Selected Terms and Definitions:

Accessories or accessory material: This is any material, gourd or otherwise,  that is added to the gourd(s) to complete a display. Accessory material is permitted except where specifically prohibited.

Assorted: Any class calling for “assorted” gourds should contain gourds of  differing shape, color and size, within the limitations stated for the class.

Base: Often gourds require assistance in order to sit firmly at the proper angle. A “base” is that support material – wood, rubber, metal, gourd, etc. that holds a gourd at the proper attitude. It may or may not be attached to the gourd.

Clear finish: Any finish, such as colorless varnish, shellac, wax, or oil, which enhances the overall appearance of the gourd or gourd craft but adds no color (except the slight darkening that may accompany the clear finish) is considered clear.

Color: This is any medium that adds to, or changes the color of a gourd (except the slight darkening that may accompany use of a clear finish). Examples of color that may be applied to a gourd include, but are not limited to, paint (acrylic, oil, watercolor, etc.), stain, ink, dye, colored pencil and shoe polish.

Cut Gourd: A cut gourd is one in which the shell has been penetrated by cutting, carving, drilling, burning, etc. Bowls, baskets, vases, etc. are examples of cut gourds.

Gourd Basket: A gourd with the top cut off and a handle attached, or a gourd cut so that the top serves as a handle. Lids are generally optional.

Gourd Bowl: Usually a round gourd that is wider than it is tall. The general appearance is a container that is intended to sit still.

Hardshell: These are “white blossom” gourds of the genus Lagenaria. They include, but are not limited to the bottles, dippers, canteens, cannonballs, bushels, kettles, bananas, etc.

Ornamental: These are “yellow blossom” gourds which are generally very colorful. They represent the genus Cucurbita. They include, but are not limited to the spoon, egg, orange, crown of thorns, spinning gourd, etc.

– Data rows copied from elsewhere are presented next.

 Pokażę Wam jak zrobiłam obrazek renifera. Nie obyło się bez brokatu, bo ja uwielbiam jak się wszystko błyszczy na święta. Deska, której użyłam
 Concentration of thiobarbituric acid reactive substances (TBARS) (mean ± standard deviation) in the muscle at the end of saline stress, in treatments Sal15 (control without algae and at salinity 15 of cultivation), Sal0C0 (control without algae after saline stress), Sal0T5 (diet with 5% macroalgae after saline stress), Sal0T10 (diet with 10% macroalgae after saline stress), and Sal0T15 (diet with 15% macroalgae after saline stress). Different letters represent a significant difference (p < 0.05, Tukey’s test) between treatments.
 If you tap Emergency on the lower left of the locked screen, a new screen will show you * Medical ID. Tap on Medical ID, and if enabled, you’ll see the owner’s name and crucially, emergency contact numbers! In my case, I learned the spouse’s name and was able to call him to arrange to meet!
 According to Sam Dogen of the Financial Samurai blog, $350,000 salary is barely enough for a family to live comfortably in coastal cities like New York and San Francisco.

Other: When used in the Show Schedule to define a class, the word “other” indicates a class or technique which has not been previously specified.

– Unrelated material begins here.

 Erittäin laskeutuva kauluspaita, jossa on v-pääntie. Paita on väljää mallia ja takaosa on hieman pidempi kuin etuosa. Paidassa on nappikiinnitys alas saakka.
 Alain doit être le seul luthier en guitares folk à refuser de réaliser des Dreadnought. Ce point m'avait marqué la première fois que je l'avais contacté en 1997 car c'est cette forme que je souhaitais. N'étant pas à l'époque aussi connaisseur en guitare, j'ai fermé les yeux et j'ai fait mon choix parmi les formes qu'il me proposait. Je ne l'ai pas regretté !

Paint: Color may be added to a gourd by paint, stain, ink, etc. In general paint refers specifically to acrylic, oil and water color paints, including water and solvent-based markers. Paint does not include stain, dye, or ink.

Special Exhibit: These are non-competitive displays of gourds or gourd-related items that have educational or artistic interest.

Special Competition: Those competitive classes not covered by the AGS Handbook, and not part of the Official Show, are noted as Special Competition.

Whole Gourd: This is a gourd which does not have holes or openings cut,  burned, or drilled completely through the shell. It  may be called an "uncut gpourd". Carving may be accomplished on a whole gourd as long as the work does not completely penetrate the shell.